Já não podemos mais nos comunicar com a face, encoberta por uma máscara. Que ironia! Nós que nos tornamos peritos em disfarces para sobreviver. Entretanto, atrás dela está nossa boca, apenas encoberta, mas não amordaçada. Resta-nos então a voz e os olhos que tudo veem e também comunicam, não só como a janela da alma, mas como um farol a iluminar caminhos dos quase cegos, mas que ainda caminham buscando ouvir pelos orifícios que as máscaras não encobrem. Ou seja, com a capacidade que temos de adaptação, isso é um indício de que sobreviveremos.

É sempre importante lembrar que as coisas não iam bem antes do isolamento, mas o vírus e suas decorrências caíram como uma luva nas mãos daqueles que desejavam transformar um continente numa ilha.

O que hoje acontece no Brasil já não era novidade para parte do mundo que sofria com as consequências de uma doença ainda sem vacina. Mesmo assim, negou-se sua transmissão. Negou-se a verdade sobre a contaminação. Negam-se agora os óbitos. A pressão produtiva é uma fina cortina que encobre uma ética própria da produção: como viveremos sem a mais-valia? Enquanto isso, pouco importa a vida de quem produz o tão desejado lucro.

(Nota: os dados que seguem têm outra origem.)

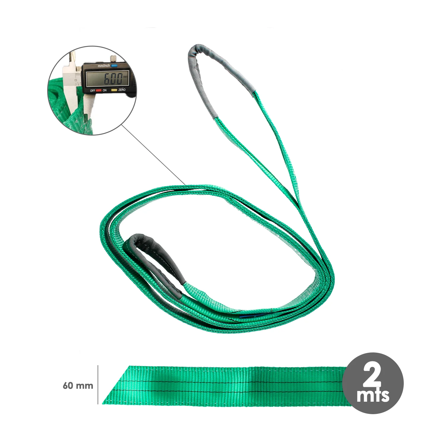 Eslinga Plana Doble Banda 2.000 Kg. Factor Seguridad 7:1, Longitud: 2 Metros Ancho 6 cm. 100% Poliester. Color Verde

E como o esporte é um fenômeno que caminha de mãos dadas com o social, lá também se vê a atitude negacionista da esfera maior. A pressão produtiva entra em campo para ajudar a encobrir outras tantas mazelas anteriores à Covid-19.

Clubes, times e meios de comunicação reclamam da falta de jogos e da renda derivada deles. Como se vivessem em um mundo paralelo, ou negacionista, pensam em pressionar atletas para que voltem aos treinos e jogos em busca dos dividendos que só um jogo ao vivo, e sem cartas marcadas, pode proporcionar. Tratam atletas como máquinas, com nervos de aço e sem sangue nas veias, como já cantou Lupicínio Rodrigues.

Pensam que basta um pano com detergente e tudo estará limpo e esterilizado para o próximo uso. Negam que o jogo depende também de uma audiência física que mobiliza a ação esportiva para além de um enfrentamento que leva a qualquer resultado possível.

Que haja mais respeito pela vida. E que o esporte, como outras atividades produtivas, espere pelo tempo do retorno seguro à produção.